_WHAT IS EXPECTED_
Nothing in the records below should be altered in the copy, although the pictures must be left out.

_DATA FOR PROCESSING_
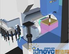機床仿真完全模擬機床的運動結構關系并可以檢查所有機床部件,如軸滑塊、主軸頭、轉塔、旋轉工作臺、主軸、刀庫換刀、夾具、切削刀具和其它由用戶配置的機床附件之間的碰撞和臨界碰撞。用戶可以在零件周圍設置一個臨界碰撞區域,檢測周圍的臨界碰撞狀態和超行程錯誤。
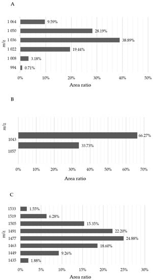 Relative lipopeptide production of Bacillus velezensis SZMC 25431 expressed as percentages according to the molecular weights of their protonated molecular ions ([M + H]+). (A) Surfactins, (B) iturins, and (C) fengycins. m/z: Mass-to-charge ratio.
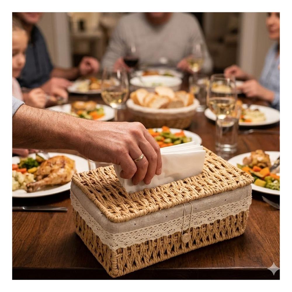 Soporte Servilletas Canasta Tejida con Forro Tela Beige 20x14x9cm Mesa Y+Papel Regalo
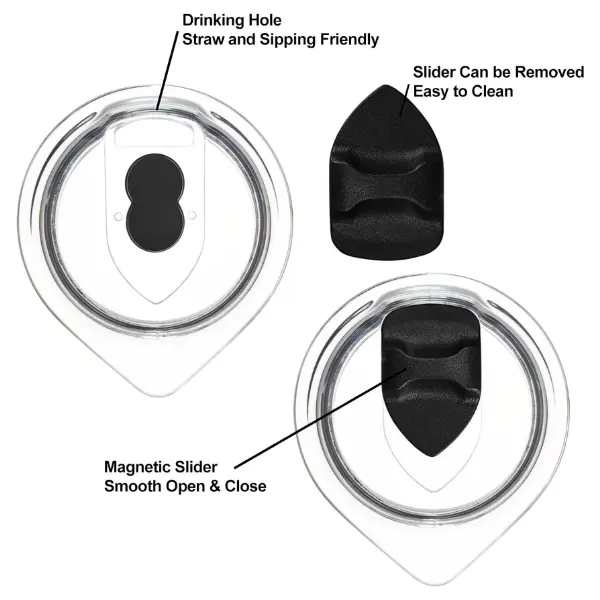 Upgrade Your Tumbler Experience Keep your favorite beverages secure with our high-quality magnetic slider lids. Designed as a perfect replacement for lost or damaged covers, these lids provide a smooth sliding mechanism and excellent splash resistance.
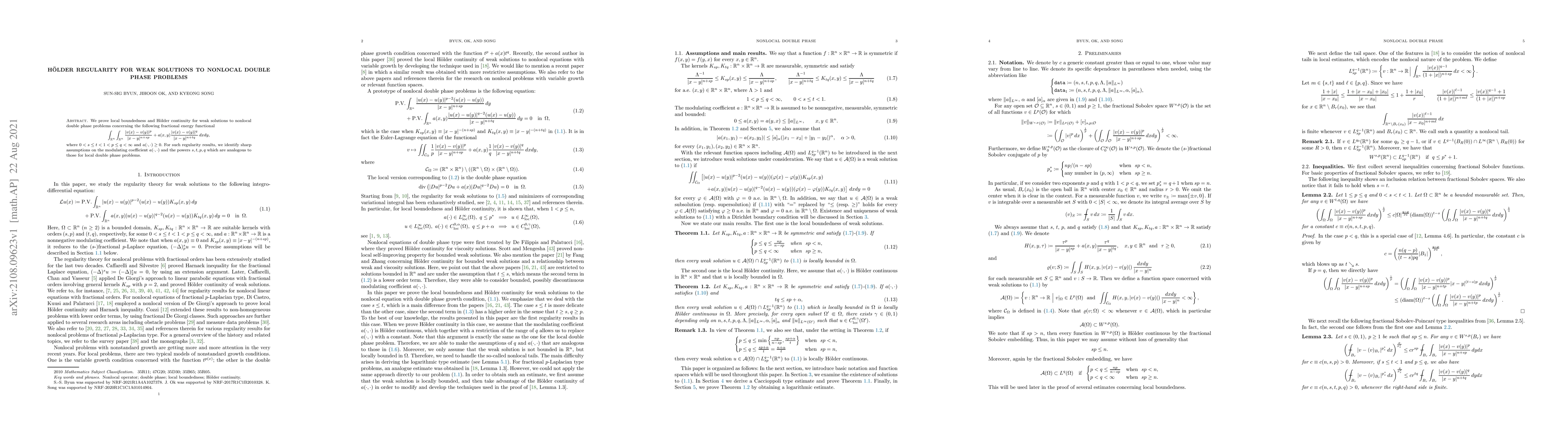 This paper proves local boundedness and H\"older continuity for weak solutions to nonlocal double phase problems, establishing sharp conditions on the modulating coefficient and the exponents involved. The focus is on the fractional energy functional with specific constraints on the parameters.
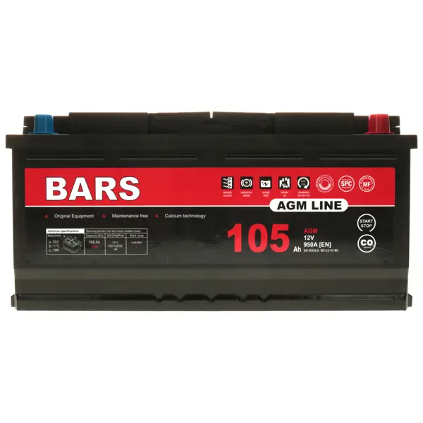 Akumulator Bars AGM LINE 105Ah 950A L6 Start-Stop P+
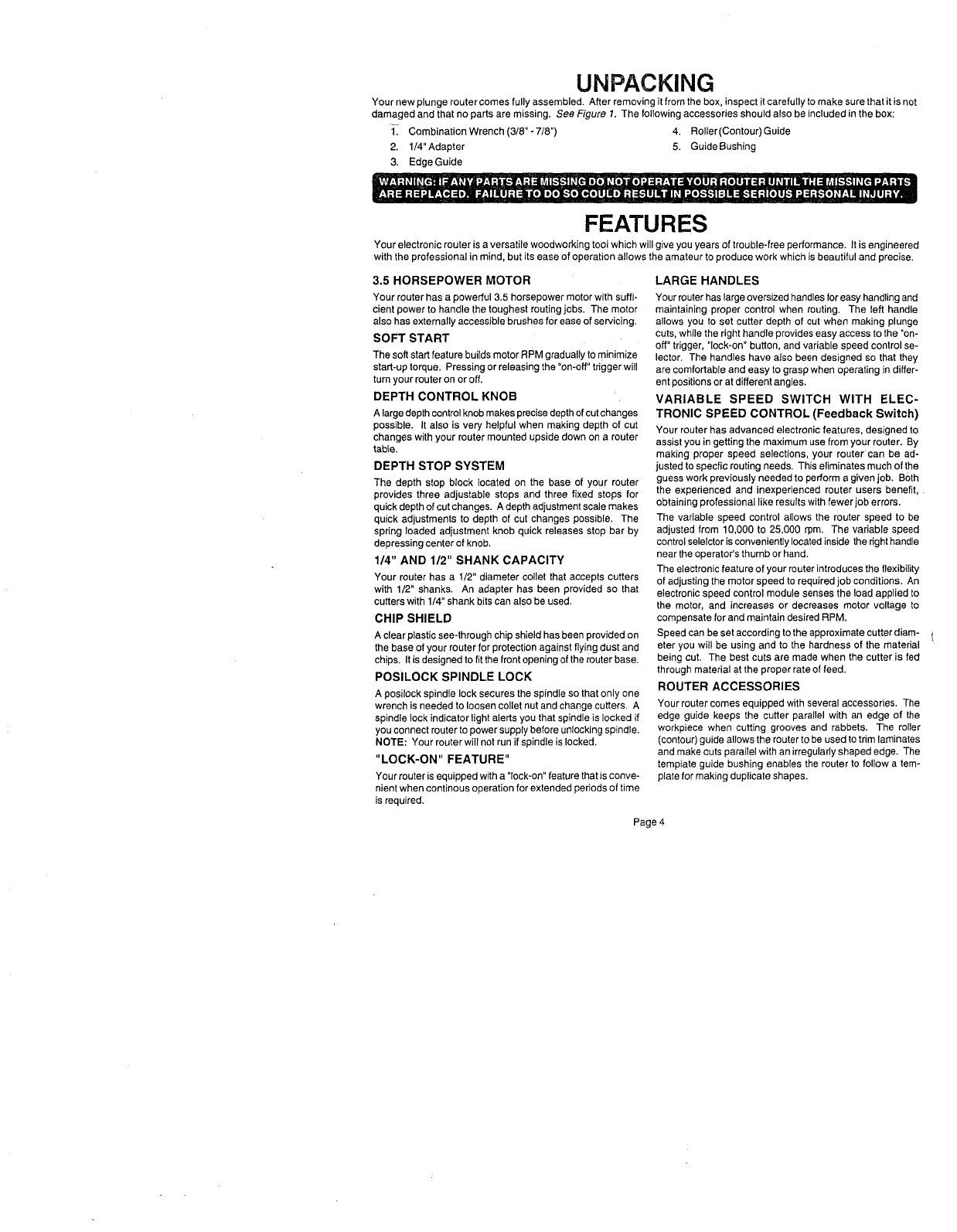FULL ONE YEAR WARRANTY ON CRAFTSMAN INDUSTRIAL ELECTRONIC PLUNGE ROUTER
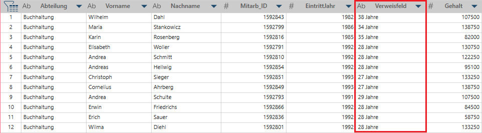 Eine neue Spalte mit einem Verweiswert erstellen, wie in:
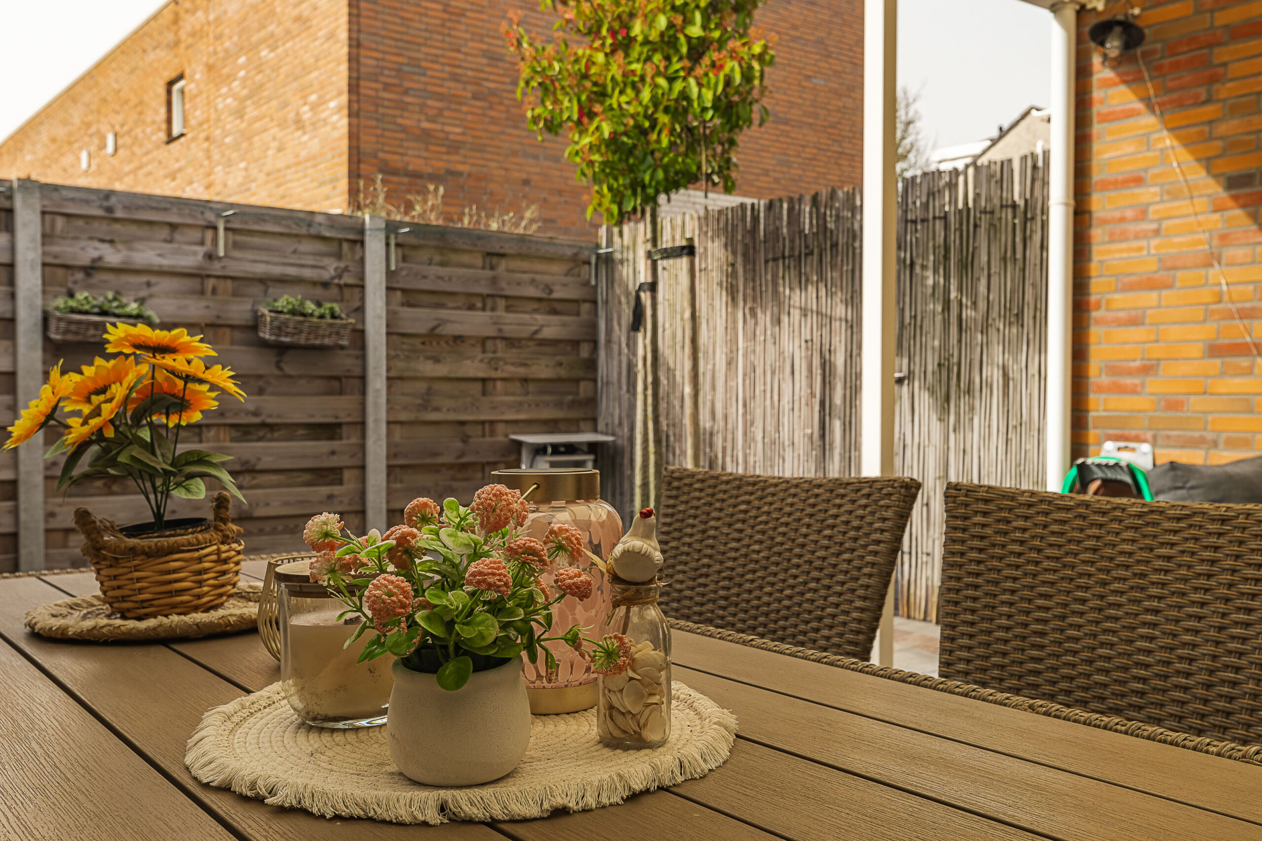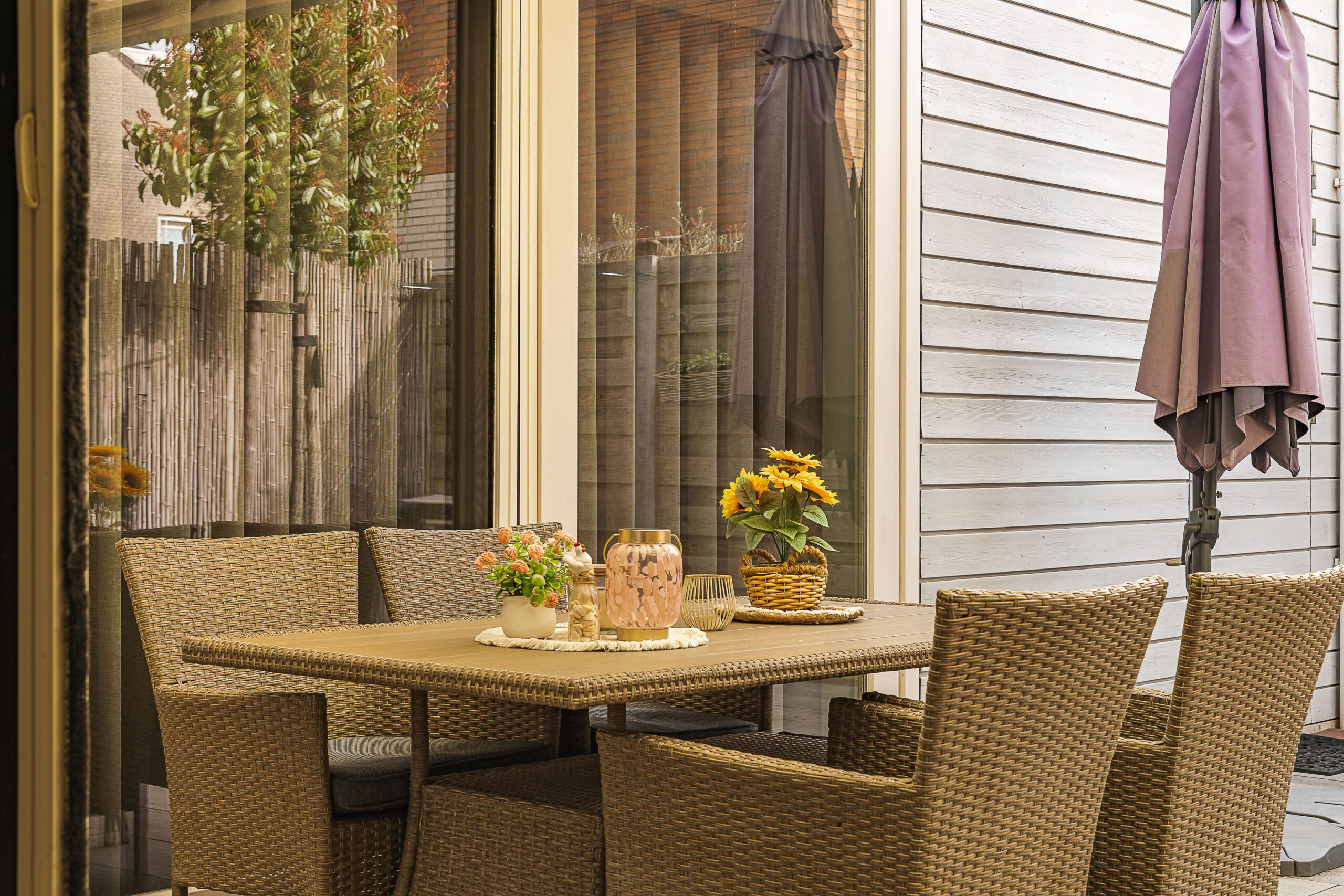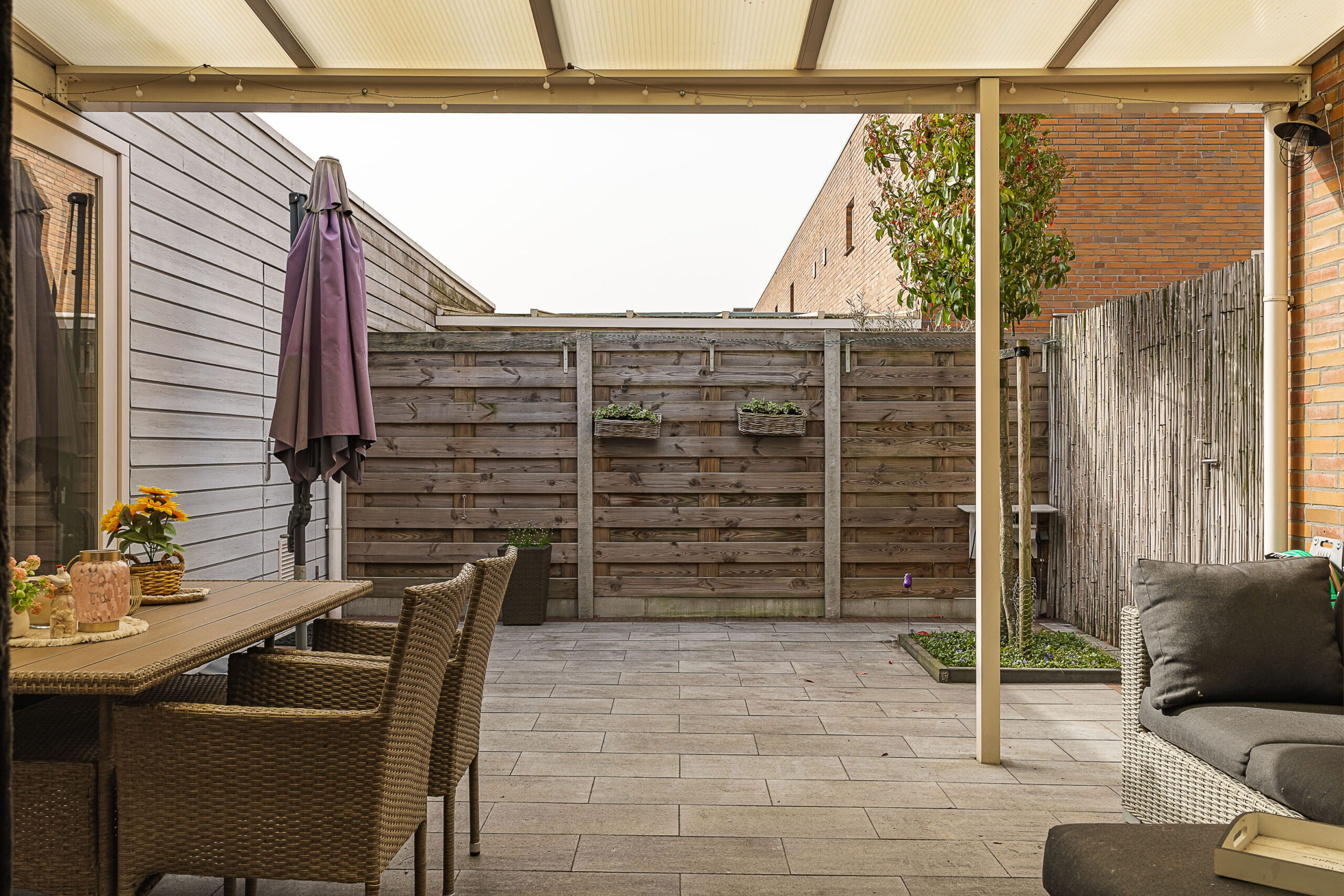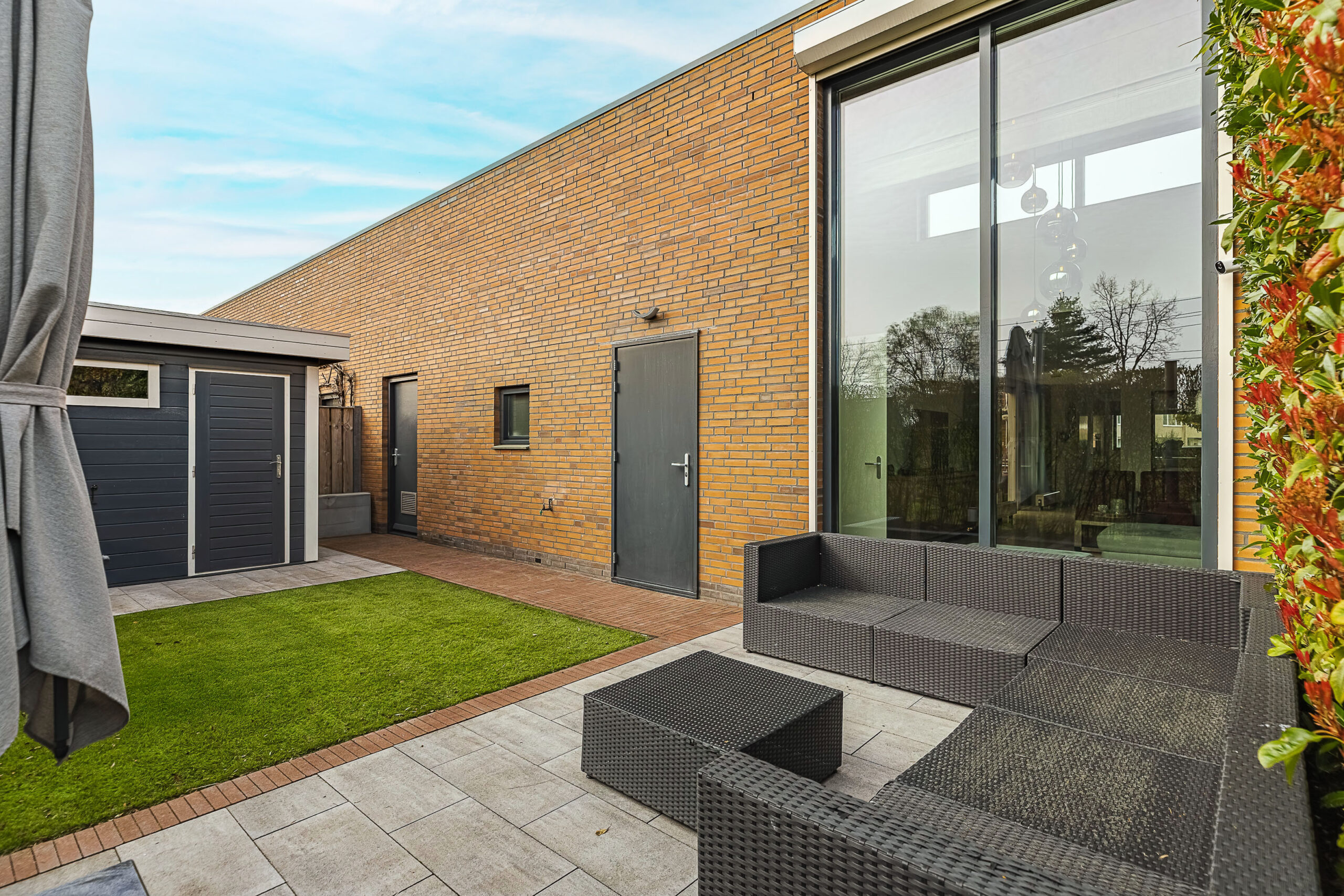 Via de woonkamer stapt u de ruime patio op, waar u dankzij de overkapping al vroeg in het voorjaar en tot laat in het najaar heerlijk buiten kunt zitten. Vanuit de hal en berging bereikt u de zonnige achtertuin op het zuiden, met veel privacy en groen voor natuurlijke verkoeling in de zomer. Er is volop bergruimte aanwezig.

_OUTPUT_
機床仿真完全模擬機床的運動結構關系并可以檢查所有機床部件,如軸滑塊、主軸頭、轉塔、旋轉工作臺、主軸、刀庫換刀、夾具、切削刀具和其它由用戶配置的機床附件之間的碰撞和臨界碰撞。用戶可以在零件周圍設置一個臨界碰撞區域,檢測周圍的臨界碰撞狀態和超行程錯誤。
 Relative lipopeptide production of Bacillus velezensis SZMC 25431 expressed as percentages according to the molecular weights of their protonated molecular ions ([M + H]+). (A) Surfactins, (B) iturins, and (C) fengycins. m/z: Mass-to-charge ratio.
 Soporte Servilletas Canasta Tejida con Forro Tela Beige 20x14x9cm Mesa Y+Papel Regalo
 Upgrade Your Tumbler Experience Keep your favorite beverages secure with our high-quality magnetic slider lids. Designed as a perfect replacement for lost or damaged covers, these lids provide a smooth sliding mechanism and excellent splash resistance.
 This paper proves local boundedness and H\"older continuity for weak solutions to nonlocal double phase problems, establishing sharp conditions on the modulating coefficient and the exponents involved. The focus is on the fractional energy functional with specific constraints on the parameters.
 Akumulator Bars AGM LINE 105Ah 950A L6 Start-Stop P+
FULL ONE YEAR WARRANTY ON CRAFTSMAN INDUSTRIAL ELECTRONIC PLUNGE ROUTER
 Eine neue Spalte mit einem Verweiswert erstellen, wie in:
 Via de woonkamer stapt u de ruime patio op, waar u dankzij de overkapping al vroeg in het voorjaar en tot laat in het najaar heerlijk buiten kunt zitten. Vanuit de hal en berging bereikt u de zonnige achtertuin op het zuiden, met veel privacy en groen voor natuurlijke verkoeling in de zomer. Er is volop bergruimte aanwezig.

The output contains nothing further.